> **Extracted data entries**
▼
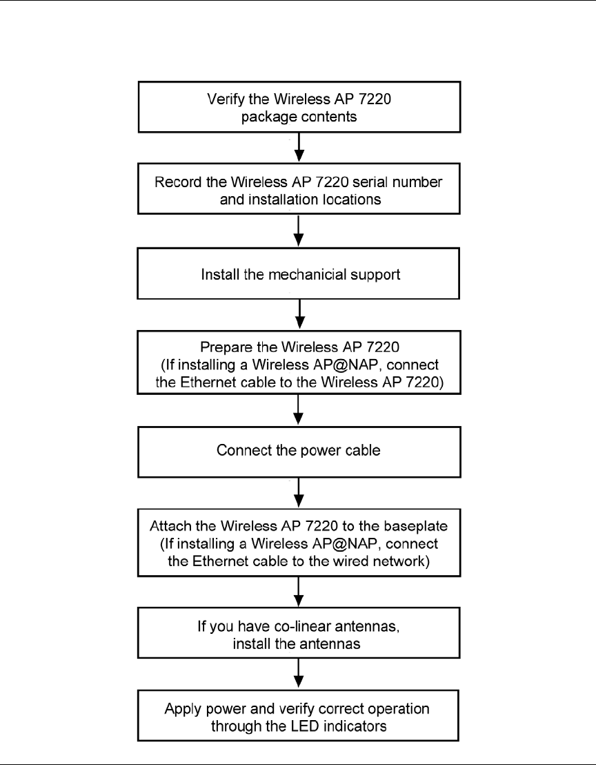 The Wireless AP 7220 unit is always installed vertically with the baseplate facing
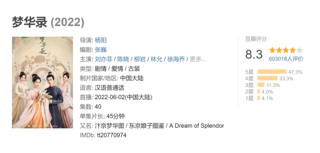 年度最高分国产剧《梦华录》7月2日迎来大结局,虽然目前豆瓣最新评分8.3,比起刚开始的8.8分“神剧”打分有所降低,但仍不能否认,这是今年夏天最惊喜的“出圈”之作。
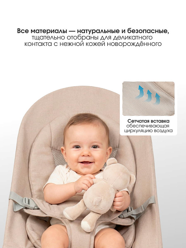 Безопасность обеспечивает прочная устойчивая конструкция, поясной ремень и мягкий разделитель для ножек, который не даёт малышу соскользнуть или перекрутиться. Шезлонг рассчитан на детей до 9 кг — идеальное решение на первые месяцы жизни.
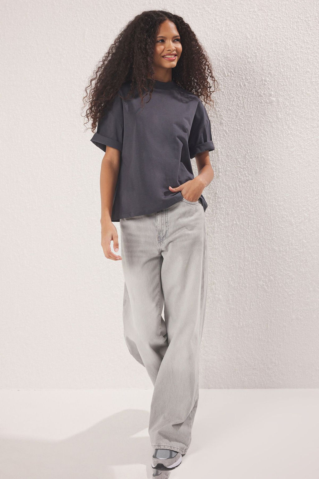 Antrasit %100 Kal?n Pamuklu Dik Yaka Truvakar Kol Orme T-Shirt TWOSS24TS00074
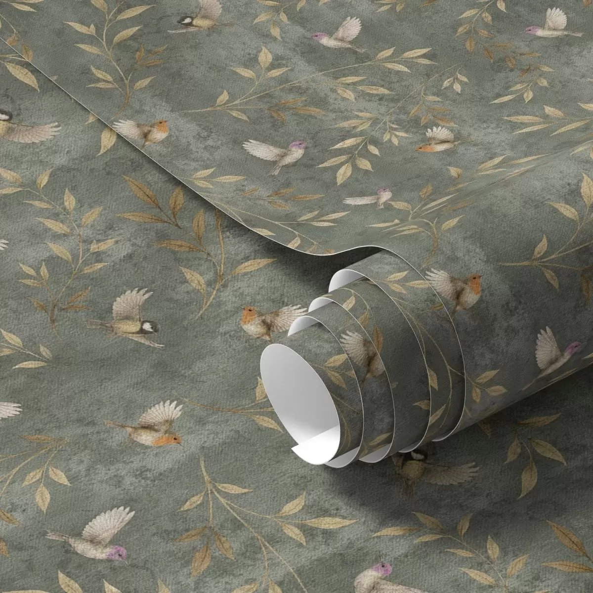 Tapetes Putni oranžā lapotnē uz tumši zaļa fona Nr. a00591
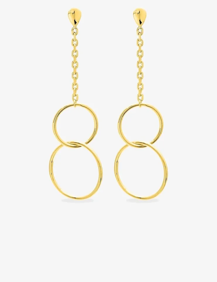 Ces boucles d’oreilles possèdent deux anneaux (un de 10 mm et un de 15 mm) au bout d’une chaîne forçat. Elles sont en plaqué or et ont un système de fermoir poussette.
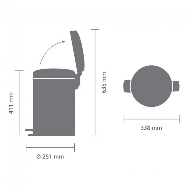 Мусорный бак Brabantia PEDAL BIN NEWICON 113741 бесшумный – плавное закрывание крышки и необыкновенно мягкий ход педали. Не пропускает запах – плотно прилегающая крышка. Устойчивый – специальное устройство, предотвращающее опрокидывание бака. Нескользящее основание. Удобная очистка – съемное внутреннее пластиковое ведро. Специальная ручка в блоке крепления крышки. В комплекте идеально подходящие по размеру мешки для мусора PerfectFit (размер C).
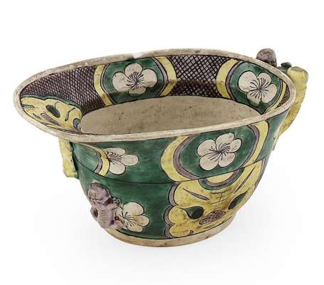 after an archaic bronze original, applied with Qialong, painted in famille verte enamels with Taotie masks and prunus
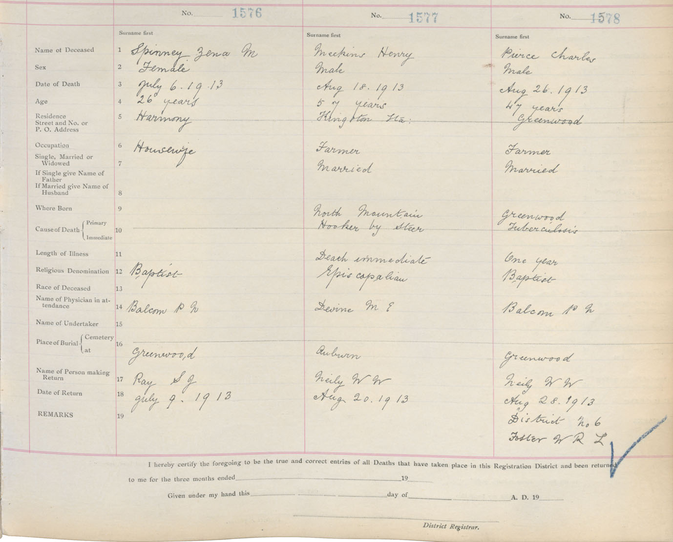 Male Death Registration: Year: 1913 book: 12 page: 258 number: 1578
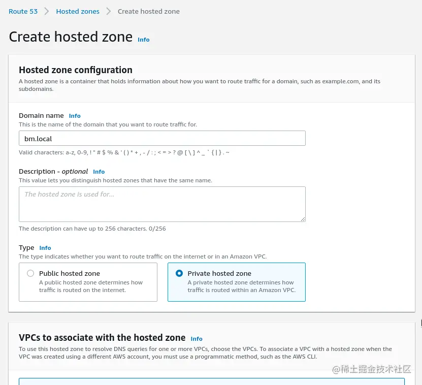 转到Route53,创建一个新的区域,将其类型设置为_私有托管区_。
▲
> **WHAT IS REQUIRED**
Set the pictures aside and transcribe the data above exactly.

> **TASK RESPONSE**
 The Wireless AP 7220 unit is always installed vertically with the baseplate facing
 年度最高分国产剧《梦华录》7月2日迎来大结局,虽然目前豆瓣最新评分8.3,比起刚开始的8.8分“神剧”打分有所降低,但仍不能否认,这是今年夏天最惊喜的“出圈”之作。
 Безопасность обеспечивает прочная устойчивая конструкция, поясной ремень и мягкий разделитель для ножек, который не даёт малышу соскользнуть или перекрутиться. Шезлонг рассчитан на детей до 9 кг — идеальное решение на первые месяцы жизни.
 Antrasit %100 Kal?n Pamuklu Dik Yaka Truvakar Kol Orme T-Shirt TWOSS24TS00074
 Tapetes Putni oranžā lapotnē uz tumši zaļa fona Nr. a00591
 Ces boucles d’oreilles possèdent deux anneaux (un de 10 mm et un de 15 mm) au bout d’une chaîne forçat. Elles sont en plaqué or et ont un système de fermoir poussette.
 Мусорный бак Brabantia PEDAL BIN NEWICON 113741 бесшумный – плавное закрывание крышки и необыкновенно мягкий ход педали. Не пропускает запах – плотно прилегающая крышка. Устойчивый – специальное устройство, предотвращающее опрокидывание бака. Нескользящее основание. Удобная очистка – съемное внутреннее пластиковое ведро. Специальная ручка в блоке крепления крышки. В комплекте идеально подходящие по размеру мешки для мусора PerfectFit (размер C).
 after an archaic bronze original, applied with Qialong, painted in famille verte enamels with Taotie masks and prunus
 Male Death Registration: Year: 1913 book: 12 page: 258 number: 1578
 转到Route53,创建一个新的区域,将其类型设置为_私有托管区_。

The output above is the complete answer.